* **TASK GOAL**: Each record needs to be transcribed word for word, though without its pictures.

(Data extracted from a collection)
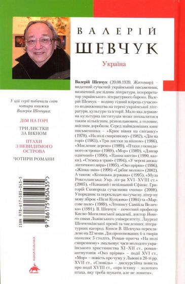 До нової книжки видатного сучасного українського письменника увійшли чотири широковідомі романи і повісті. Дія цих творів охоплює п’ять століть. Роман «На полі смиренному» змальовує події ХІ—ХІІ ст., «Око прірви» — події ХVI ст., «Мор» — про чуму у Львові в 20-ті роки ХVII ст., «Сповідь» — про події ХVIII ст. Позаяк у сучасній літературній практиці розмежування на романи і повісті не дуже виразне, наше видання для зручності має назву «Чотири романи».
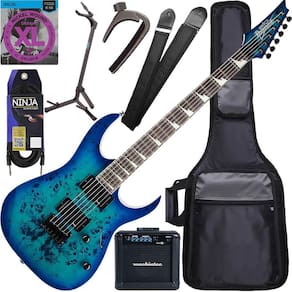 pguitarra Ibanez GRGR 221 PA, Super Strato com captadores na configuração HH. Possui Headstock Invertido e marcação Estilo Dente de Tubarão Sharktooth Reversa . Disponível na cor Aqua Burst AQB . A Série Gio da Ibanez prova que as guitarras não precisam ter um custo alto para ter um som de qualidade. Esta série foi desenvolvida por músicos que buscam justamente isso, custo/benefício. Com rigorosa inspeção, a construção e são as mesmas dos modelos mais caros. ESPECIFICAÇÕES Modelo: GRGR 221 PA Série: Gio Construção: Braço Parafusado Bolt On Braço: GRGR em Maple Tampo: Poplar Burl Art Grain Corpo: Okoume Escala: Bound Purpleheart Marcação: Estilo Dente de Tubarão Sharktooth Reversa Trastes: 24 Tipo de Trastes: Jumbo Ponte: F106 FIxa Headstock: Invertido Espaçamento das Cordas: 10.5mm Captação: IBZ-6 H Braço Passivo/Cerâmico IBZ-6 H Ponte Passive/Ceramico Controles: 1 Volume, 1 Tone Chave Seletora: 5 Posições Afinação de Fábrica: 1E,2B,3G,4D,5A,6E Calibre das cordas: .010/.013/.017/.026/.036/.046 Nut: Plástico Ferragens: Pretas Cor: Aqua Burst AQB Dimensões do Braço Escala: 648mm/25.5 a: Largura 43mm no NUT b: Largura 58mm no 24ºT c: Espessura 19,5mm no 1ºT d: Espessura 21,5mm no 12ºT Raio 400mmR ITENS INCLUSOS : Guitarra Elétrica Ibanez GRGR 221 PA Capa Bag Guitarra Premium Correia Cabo Ninja Capotraste Ns Capo D'addario Encordoamento Exl120-b D'addario Suporte G3s Cubo Amplificador/p Ean: 7892436504930
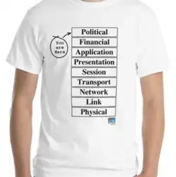 A network guru T-shirt[7] from the 1980s shows OSI Model layers with additional Layer 8 as the "financial" layer, and Layer 9 as the "political" layer. The design was credited to Evi Nemeth.
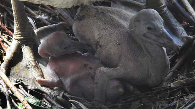 Птенцы родились с разницей всего в пять дней, однако их внешность пока сильно отличается. Один из них весит больше и уже начал опушаться.
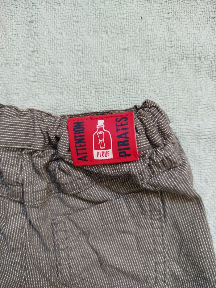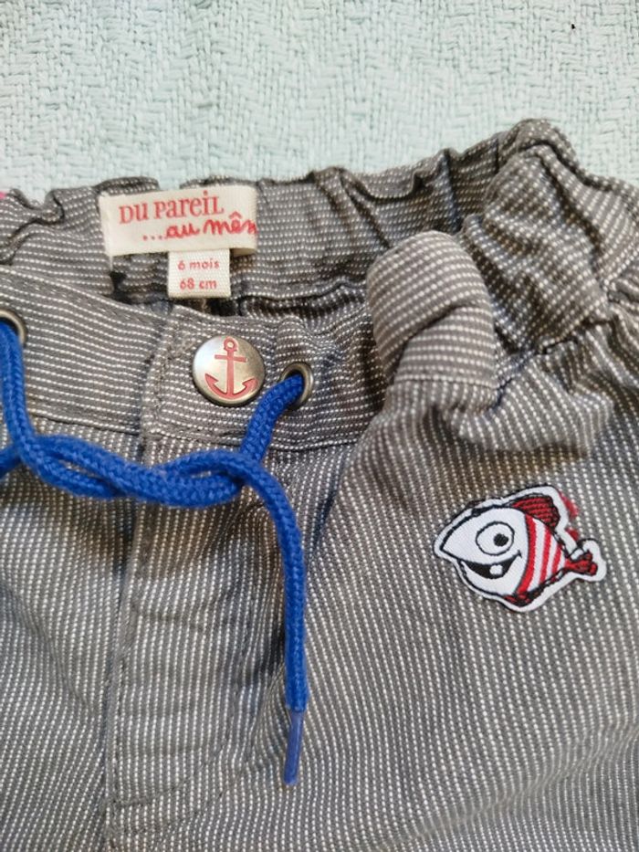 Pantalon légé rayé avec écussons poisson et pirate. Ajustable à la taille. Du pareil au même, 6 mois. Très peu porté. G70

* **ANSWER**:
 До нової книжки видатного сучасного українського письменника увійшли чотири широковідомі романи і повісті. Дія цих творів охоплює п’ять століть. Роман «На полі смиренному» змальовує події ХІ—ХІІ ст., «Око прірви» — події ХVI ст., «Мор» — про чуму у Львові в 20-ті роки ХVII ст., «Сповідь» — про події ХVIII ст. Позаяк у сучасній літературній практиці розмежування на романи і повісті не дуже виразне, наше видання для зручності має назву «Чотири романи».
 pguitarra Ibanez GRGR 221 PA, Super Strato com captadores na configuração HH. Possui Headstock Invertido e marcação Estilo Dente de Tubarão Sharktooth Reversa . Disponível na cor Aqua Burst AQB . A Série Gio da Ibanez prova que as guitarras não precisam ter um custo alto para ter um som de qualidade. Esta série foi desenvolvida por músicos que buscam justamente isso, custo/benefício. Com rigorosa inspeção, a construção e são as mesmas dos modelos mais caros. ESPECIFICAÇÕES Modelo: GRGR 221 PA Série: Gio Construção: Braço Parafusado Bolt On Braço: GRGR em Maple Tampo: Poplar Burl Art Grain Corpo: Okoume Escala: Bound Purpleheart Marcação: Estilo Dente de Tubarão Sharktooth Reversa Trastes: 24 Tipo de Trastes: Jumbo Ponte: F106 FIxa Headstock: Invertido Espaçamento das Cordas: 10.5mm Captação: IBZ-6 H Braço Passivo/Cerâmico IBZ-6 H Ponte Passive/Ceramico Controles: 1 Volume, 1 Tone Chave Seletora: 5 Posições Afinação de Fábrica: 1E,2B,3G,4D,5A,6E Calibre das cordas: .010/.013/.017/.026/.036/.046 Nut: Plástico Ferragens: Pretas Cor: Aqua Burst AQB Dimensões do Braço Escala: 648mm/25.5 a: Largura 43mm no NUT b: Largura 58mm no 24ºT c: Espessura 19,5mm no 1ºT d: Espessura 21,5mm no 12ºT Raio 400mmR ITENS INCLUSOS : Guitarra Elétrica Ibanez GRGR 221 PA Capa Bag Guitarra Premium Correia Cabo Ninja Capotraste Ns Capo D'addario Encordoamento Exl120-b D'addario Suporte G3s Cubo Amplificador/p Ean: 7892436504930
 A network guru T-shirt[7] from the 1980s shows OSI Model layers with additional Layer 8 as the "financial" layer, and Layer 9 as the "political" layer. The design was credited to Evi Nemeth.
 Птенцы родились с разницей всего в пять дней, однако их внешность пока сильно отличается. Один из них весит больше и уже начал опушаться.
 Pantalon légé rayé avec écussons poisson et pirate. Ajustable à la taille. Du pareil au même, 6 mois. Très peu porté. G70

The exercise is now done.